STUDY MATERIAL Block Start

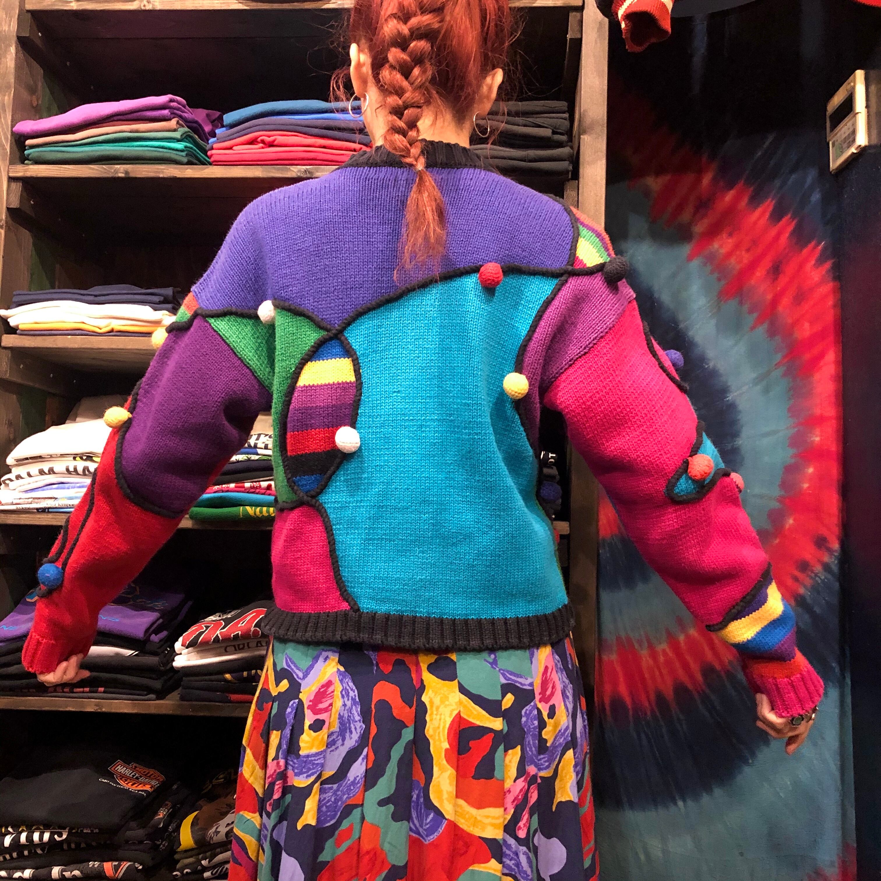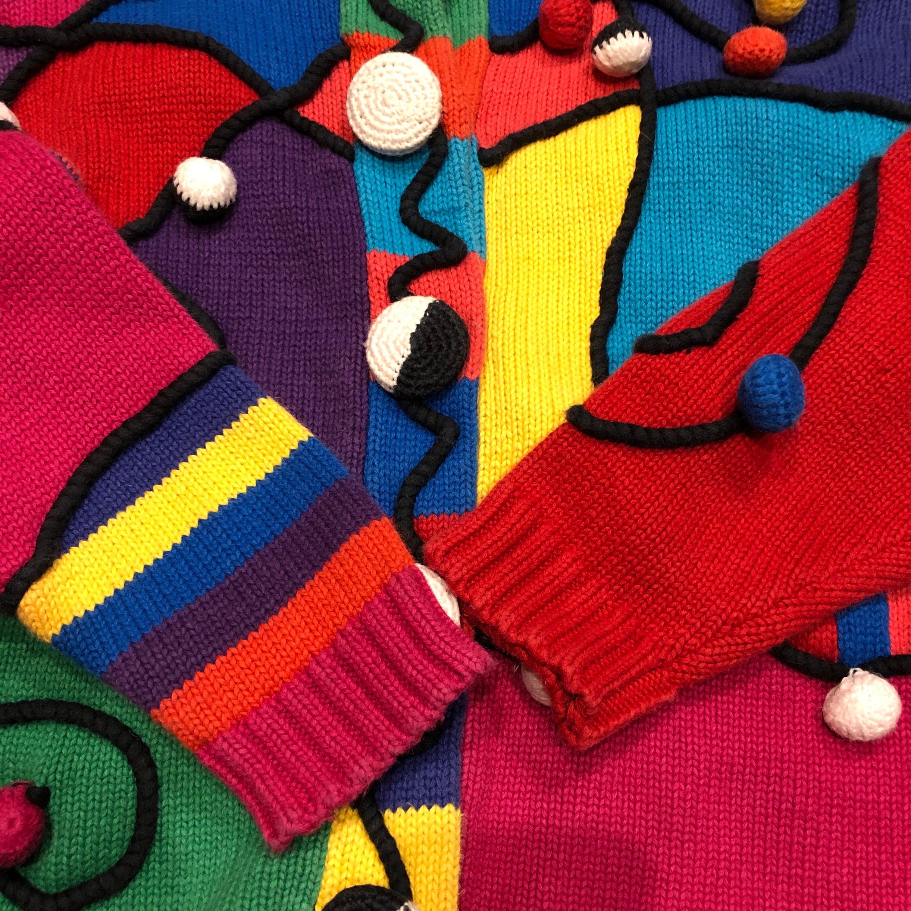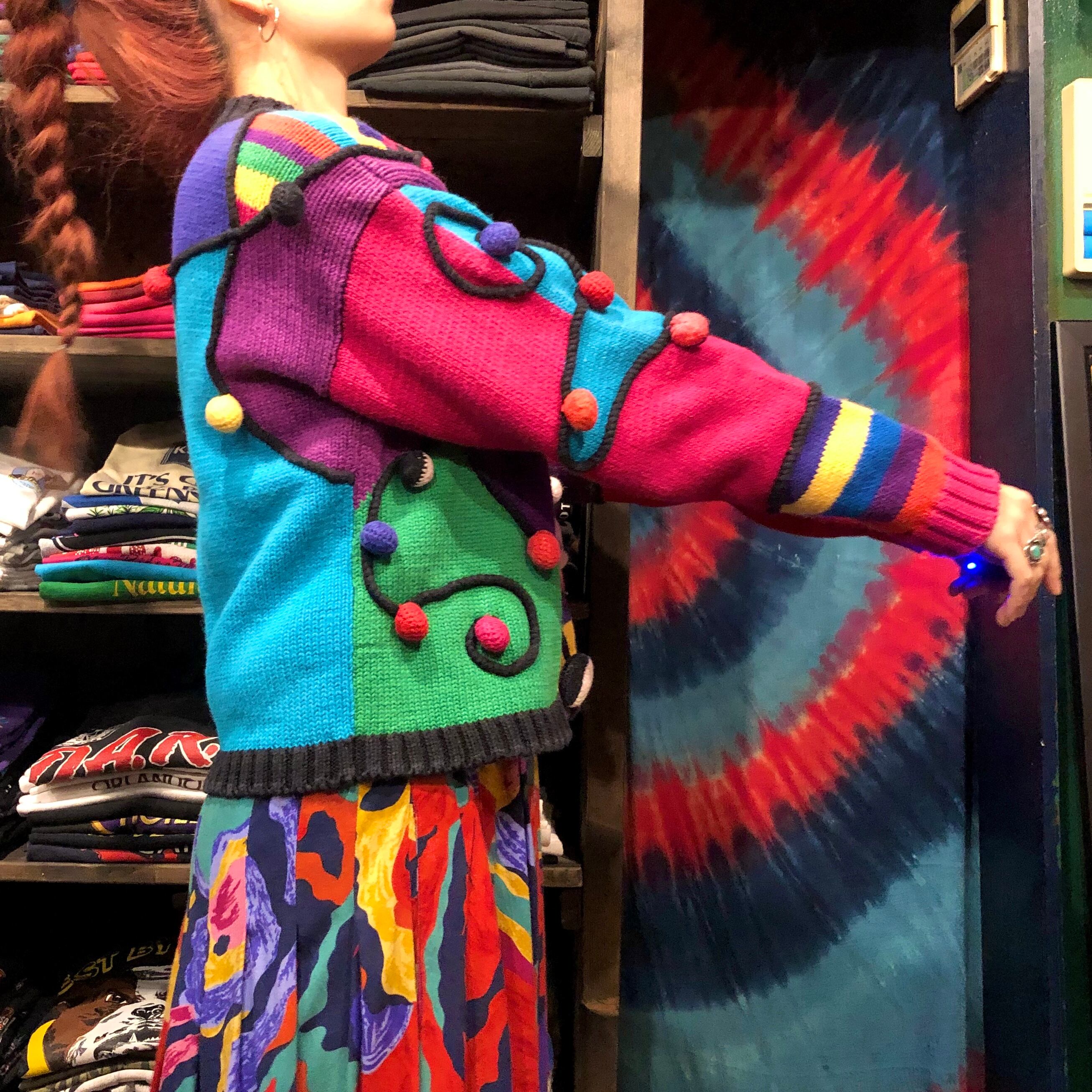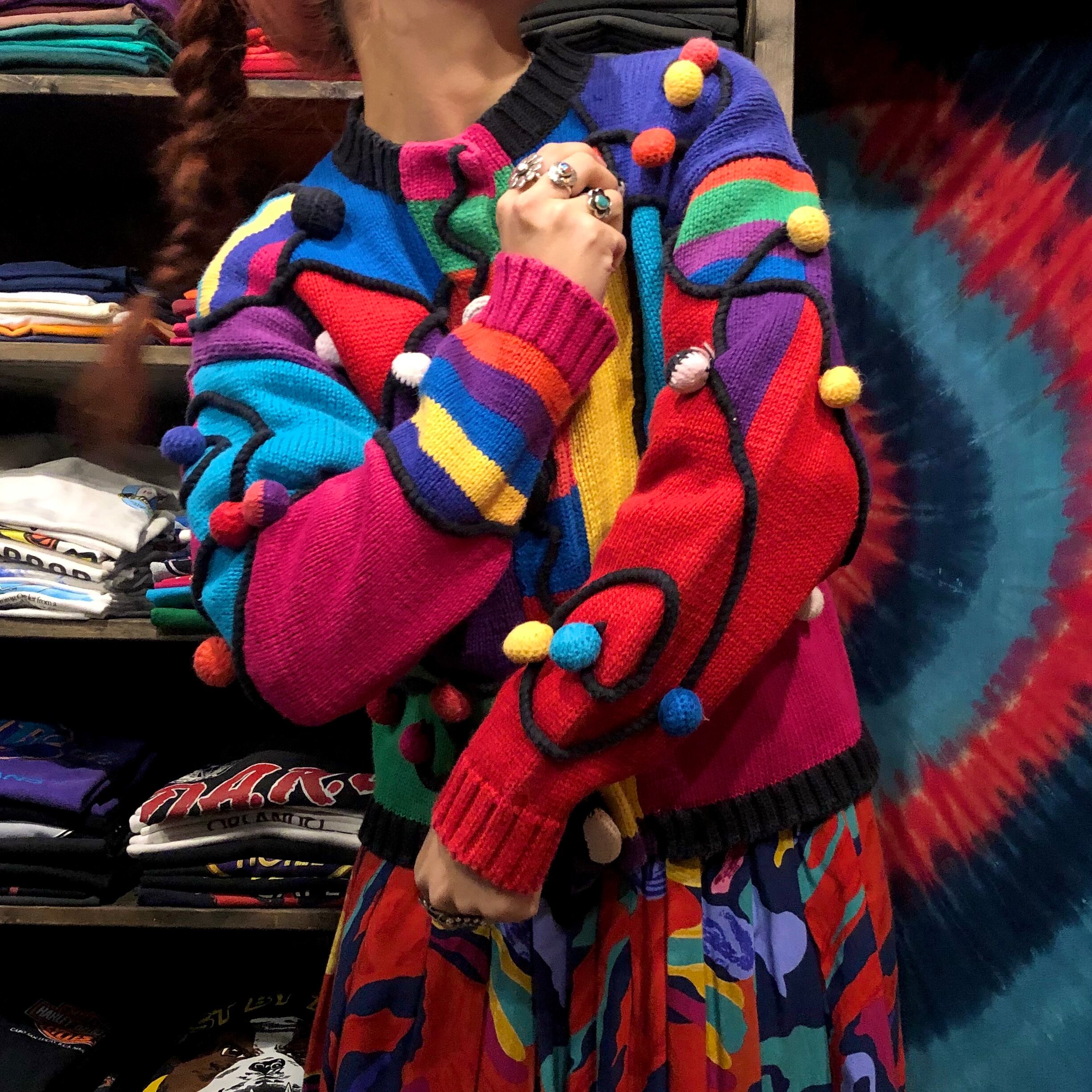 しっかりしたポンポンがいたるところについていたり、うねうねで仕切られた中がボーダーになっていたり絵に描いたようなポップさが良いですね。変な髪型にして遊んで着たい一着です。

STUDY MATERIAL Block End
STUDY MATERIAL Block Start

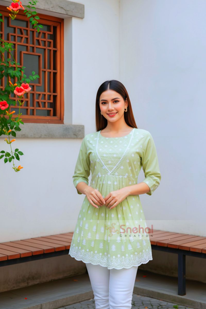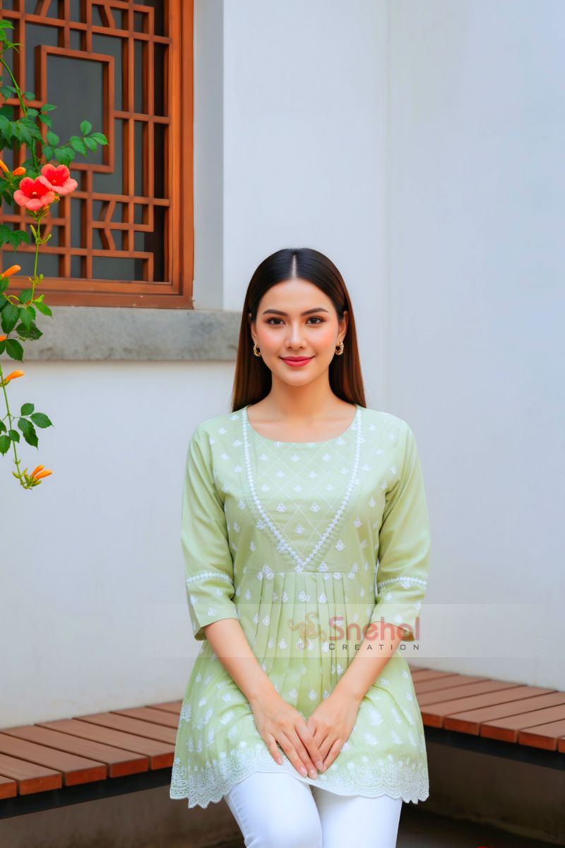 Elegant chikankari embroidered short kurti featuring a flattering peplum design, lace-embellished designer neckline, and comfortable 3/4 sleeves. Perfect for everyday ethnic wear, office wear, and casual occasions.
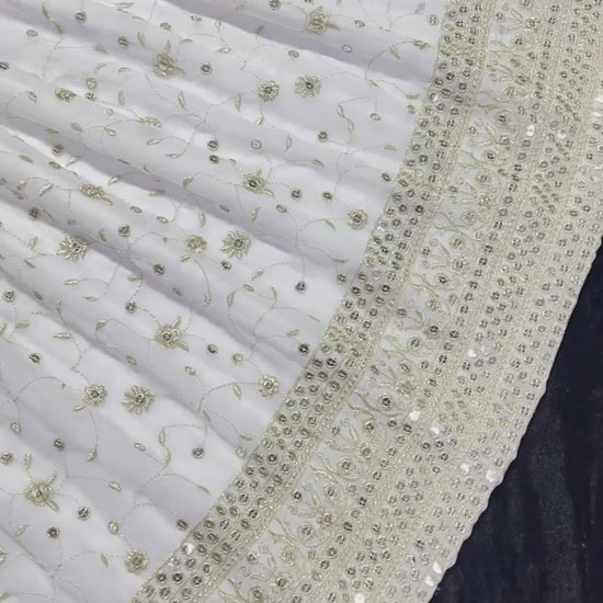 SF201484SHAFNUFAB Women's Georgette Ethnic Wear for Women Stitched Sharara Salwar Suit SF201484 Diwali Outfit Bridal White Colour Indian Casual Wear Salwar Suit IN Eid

STUDY MATERIAL Block End
STUDY MATERIAL Block Start

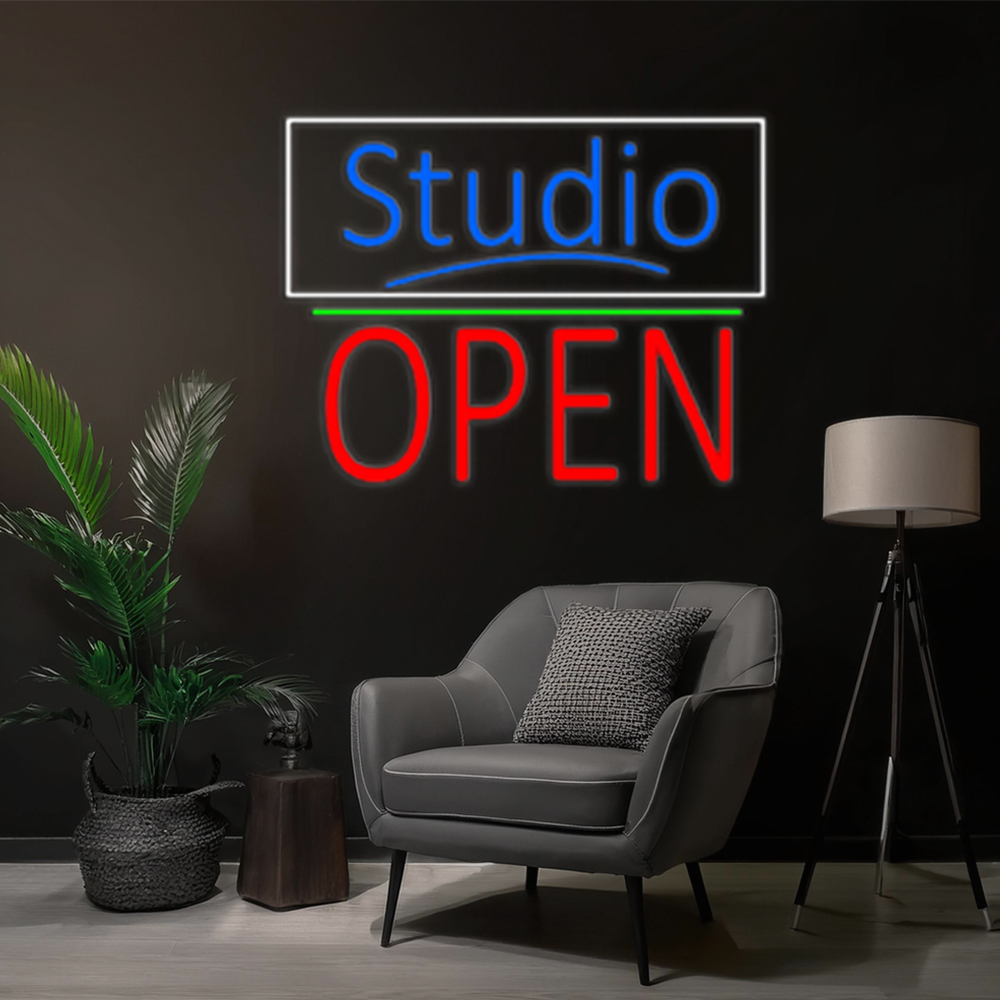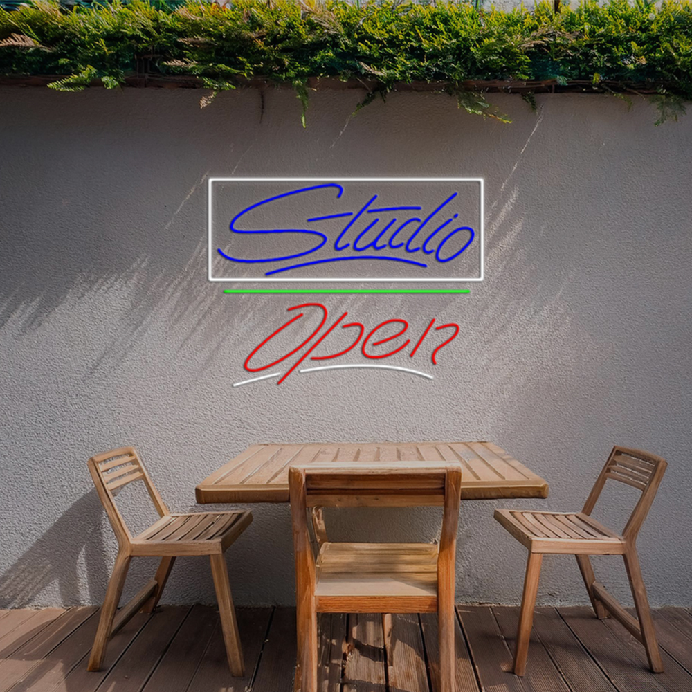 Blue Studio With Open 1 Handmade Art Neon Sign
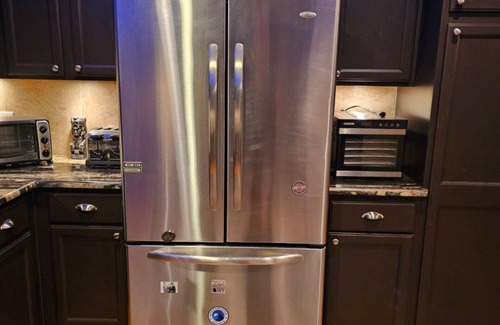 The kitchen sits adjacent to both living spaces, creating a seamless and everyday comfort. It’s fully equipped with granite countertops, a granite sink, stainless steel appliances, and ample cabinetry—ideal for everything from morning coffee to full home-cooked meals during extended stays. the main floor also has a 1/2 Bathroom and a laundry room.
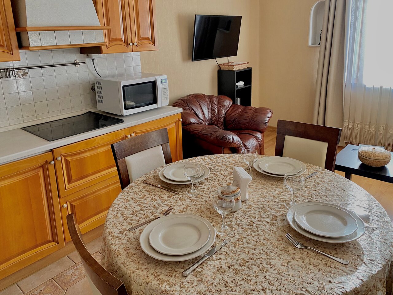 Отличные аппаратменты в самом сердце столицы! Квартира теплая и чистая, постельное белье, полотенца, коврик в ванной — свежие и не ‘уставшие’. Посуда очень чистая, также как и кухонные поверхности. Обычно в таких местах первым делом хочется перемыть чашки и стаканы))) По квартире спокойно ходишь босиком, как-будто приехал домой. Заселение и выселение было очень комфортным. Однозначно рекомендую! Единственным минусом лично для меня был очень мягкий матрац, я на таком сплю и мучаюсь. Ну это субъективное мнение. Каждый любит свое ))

STUDY MATERIAL Block End

= THE TASK =
Repeat, without pictures, exactly the lines of the data above from the one containing "Blue Studio With" through the one containing "Отличные аппаратменты в", including both and adding nothing.

= WRITTEN ANSWER =
 Blue Studio With Open 1 Handmade Art Neon Sign
 The kitchen sits adjacent to both living spaces, creating a seamless and everyday comfort. It’s fully equipped with granite countertops, a granite sink, stainless steel appliances, and ample cabinetry—ideal for everything from morning coffee to full home-cooked meals during extended stays. the main floor also has a 1/2 Bathroom and a laundry room.
 Отличные аппаратменты в самом сердце столицы! Квартира теплая и чистая, постельное белье, полотенца, коврик в ванной — свежие и не ‘уставшие’. Посуда очень чистая, также как и кухонные поверхности. Обычно в таких местах первым делом хочется перемыть чашки и стаканы))) По квартире спокойно ходишь босиком, как-будто приехал домой. Заселение и выселение было очень комфортным. Однозначно рекомендую! Единственным минусом лично для меня был очень мягкий матрац, я на таком сплю и мучаюсь. Ну это субъективное мнение. Каждый любит свое ))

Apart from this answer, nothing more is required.